现在我们已经为自己构建了一些方便的工具,解决问题并不难。

第一步是解析字符串列表并将其转换为Person对象:

def parse_person(text):
    data=map(str.strip,text.split(','))
    lastname=data[0]
    firstname=data[1]
    gender=data[-1]
    ymd=map(int,data[2:-1])
    return Person(lastname,firstname,gender,*ymd)
johns=map(parse_person,L1)
peeps=map(parse_person,L2)

接下来我们将peeps重组为家庭成员的字典:

family=collections.defaultdict(list)
for person in peeps:
    family[person.lastname].append(person)
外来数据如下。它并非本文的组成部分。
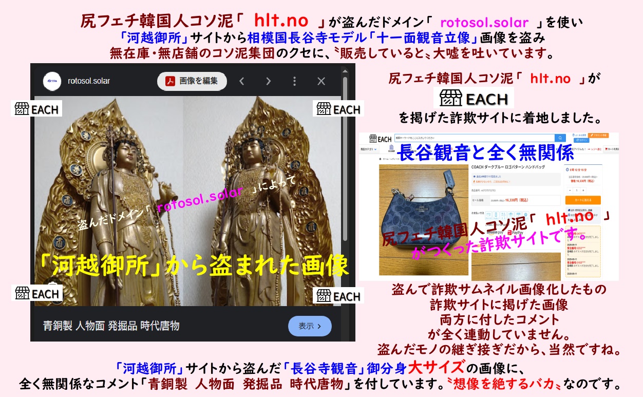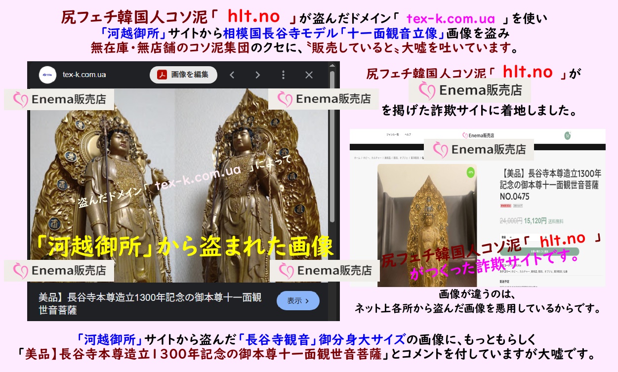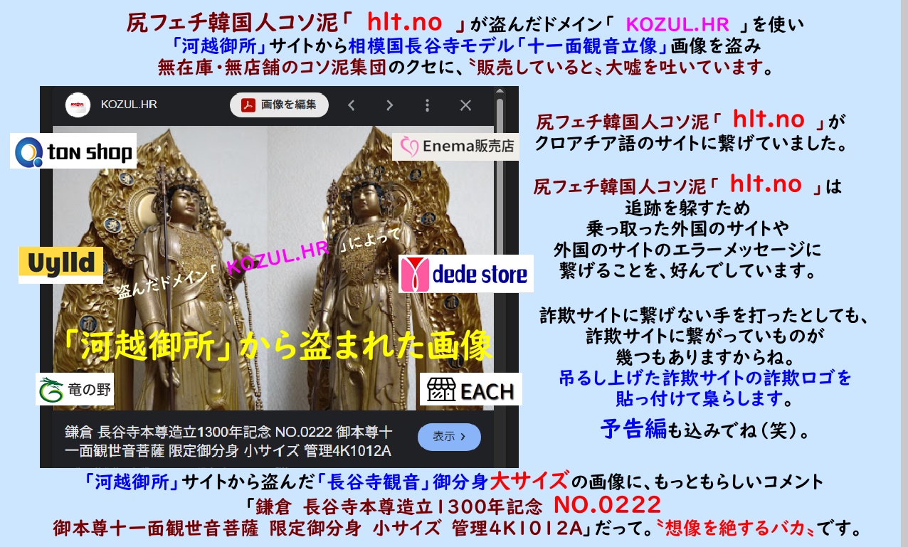「河越御所」では、尻フェチ韓国人コソ泥「 hlt.no 」等が、この期間限定販売に便乗して日本人を騙そうとする蛮行を祖師すべく、此奴等(コソ泥「 hlt.no 」共)が長谷観音の画像を盗用した詐欺サイト潰しを敢行しております。

最后,您只需遍历johns 和每个john 的家庭成员,比较发布日期并报告结果。

完整的脚本可能如下所示:

import datetime as dt
import dateutil.relativedelta as relativedelta
import pprint
import collections

class VagueDateDelta(object):
    def __init__(self,years=None,months=None,days=None):
        self.years=years
        self.months=months
        self.days=days
    def __str__(self):
        if self.days is not None and self.months is not None:
            return '{s.years} years, {s.months} months, {s.days} days'.format(s=self)
        elif self.months is not None:
            return '{s.years} years, {s.months} months'.format(s=self)
        else:
            return '{s.years} years'.format(s=self)

class VagueDate(object):
    def __init__(self,year=None,month=None,day=None):
        self.year=year
        self.month=month
        self.day=day
    def __sub__(self,other):
        d1=self.asdate()
        d2=other.asdate()
        rd=relativedelta.relativedelta(d1,d2)
        years=rd.years
        months=rd.months if self.month and other.month else None
        days=rd.days if self.day and other.day else None
        return VagueDateDelta(years,months,days)
    def asdate(self):
        # You've got to make some kind of arbitrary decision when comparing
        # vague dates. Here I make the arbitrary decision that missing info
        # will be treated like 1s for the purpose of calculating differences.
        return dt.date(self.year,self.month or 1,self.day or 1)
    def __str__(self):
        if self.day is not None and self.month is not None:
            return '{s.year}, {s.month}, {s.day}'.format(s=self)
        elif self.month is not None:
            return '{s.year}, {s.month}'.format(s=self)
        else:
            return '{s.year}'.format(s=self)

class Person(object):
    def __init__(self,lastname,firstname,gender=None,year=None,month=None,day=None):
        self.lastname=lastname
        self.firstname=firstname
        self.ymd=VagueDate(year,month,day)
        self.gender=gender
    def age_diff(self,other):
        return self.ymd-other.ymd
    def __str__(self):
        fmt='{s.lastname}, {s.firstname} ({s.gender}) ({d.year},{d.month},{d.day})'
        return fmt.format(s=self,d=self.ymd)
    __repr__=__str__
    def __lt__(self,other):
        d1=self.ymd.asdate()
        d2=other.ymd.asdate()
        return d1<d2

def parse_person(text):
    data=map(str.strip,text.split(','))
    lastname=data[0]
    firstname=data[1]
    gender=data[-1]
    ymd=map(int,data[2:-1])
    return Person(lastname,firstname,gender,*ymd)

def main():
    L1=['Smith, John, 2008, 12, 10, Male', 'Bates, John, 2006, 1, Male',
        'Johnson, John, 2009, 1, 28, Male', 'James, John, 2008, 3, Male']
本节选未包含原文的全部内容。